Specifics: Higher Ed

Emmer’s proposes cutting $400 million or so from higher ed.

Listening to the left’s caterwauling, you’d think this was all coming out of student’s pocketbooks.

But Emmer also proposes shutting down one of our extra MNSCU schools.  Minnesota is overstocked with them; we could do without one of them.

And a note here – while the media has been carping about Emmer’s need for budget  “details”, the Dayton “plan” includes no details on higher education spending of any kind.   Horner’s plan calls for a tab of nearly three billion, plus abou$360 million in “investments”, minus something in “redesign”.  Government is fun for wonks, isn’t it?

7 thoughts on “Specifics: Higher Ed

  1. It’s been said that the reason they are opening up a new 4 year college in Rochester (even though they have problems paying for the existing schools) is to get people in that area to support unlimited funding for higher education. “Hey, a lot of that money will be spent in Olmstead county”. These people aren’t stupid.

  2. Serious question. Have any of you out there in your professional lives, had a boss say “we need someone who has a 4 year degree in GLBT Studies”? I am really not quite clear why the taxpayers are funding some of these majors.

  3. You are not seeing the big picture, Chuck. Companies will be required to document and implement a “GLBT Awareness and Impact Plan”. Who else will be able to oversee such a plan other than a GLBT Studies grad?

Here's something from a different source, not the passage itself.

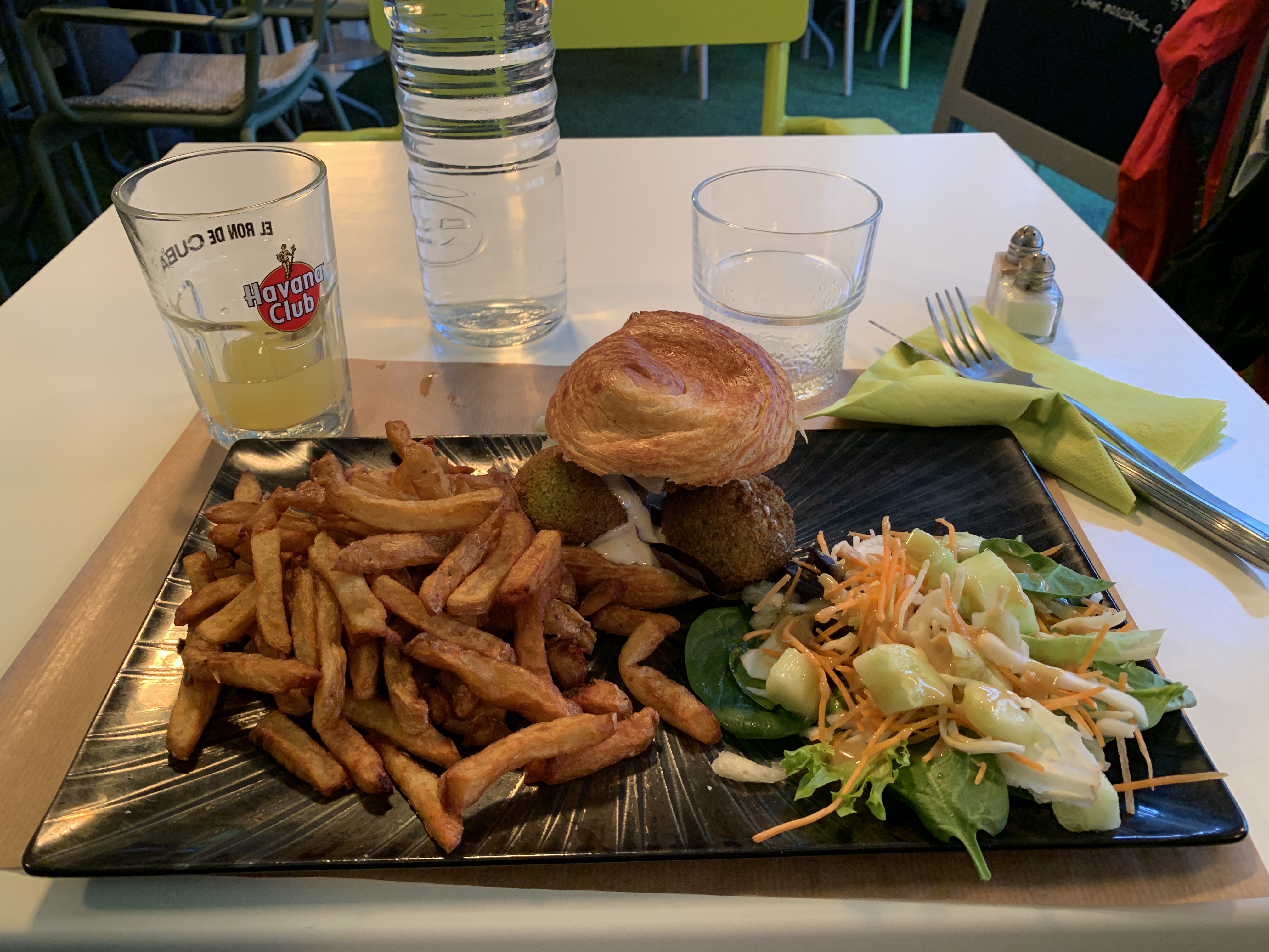 Super accueil, très bonne ambiance et décoration. Les portions sont très généreuses. Le burger aux falafels était absolument parfait. Une super adresse à connaître, j’y reviendrais avec plaisir.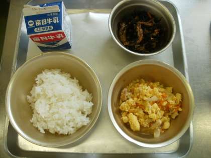 今日の献立はごはん・牛乳・親子煮・にじきのにつけ・じゃこでした。

  4. You could cut this amount as well by requiring four year state colleges to end remedial courses–fully 1/3 of incoming freshmen at “the U” require them, and only 17% of them graduate in six years. they would be far better off learning a trade and not getting into debt doing so…..

  5. It’s kind of arcane knowledge, but most state colleges were originally land-grant institutions. States founded them in order to give the children of common citizens a shot at a college degree. I believe the phrase ” children of farmers and mechanics” was typically used to describe their targeted student body.
    I am not sure that the state of MN (or Hawaii for that matter) serves this constituency well by giving a middle-class student a degree in an impractical subject.
    It is entertaining, in a sad sort of way, to read the liberal arts grads’ bulletin boards. A common theme is “my institution and my professors encouraged me to spend eight years of my life and several hundred thousand dollars getting PhD in (name if lib arts program here) and the only job I can get is barista at Starbucks — and the longer I’ve been out of grad school, the worse my academic job prospects will get”.

  6. Terry,

    Good points.

    As I look at my own children, one of which got a BA and one still at it, I questioned their choices of career path – theater. They chose that path and, as they are experiencing right now, have to live with the consequences, i.e. not being able to find work in a very crowded field. Fortunately, they both understood that before taking the plunge and are working in other industries while they pursue their primary goal.

  7. With all reverence to King, higher ed is long overdue for right sizing, elimination of duplication, elimination of nonsense majors like Women’s Studies, outsourcing, …

    By the U’s own admission, they have no idea what to do with the St. Paul campus, for example. Close it and sell it!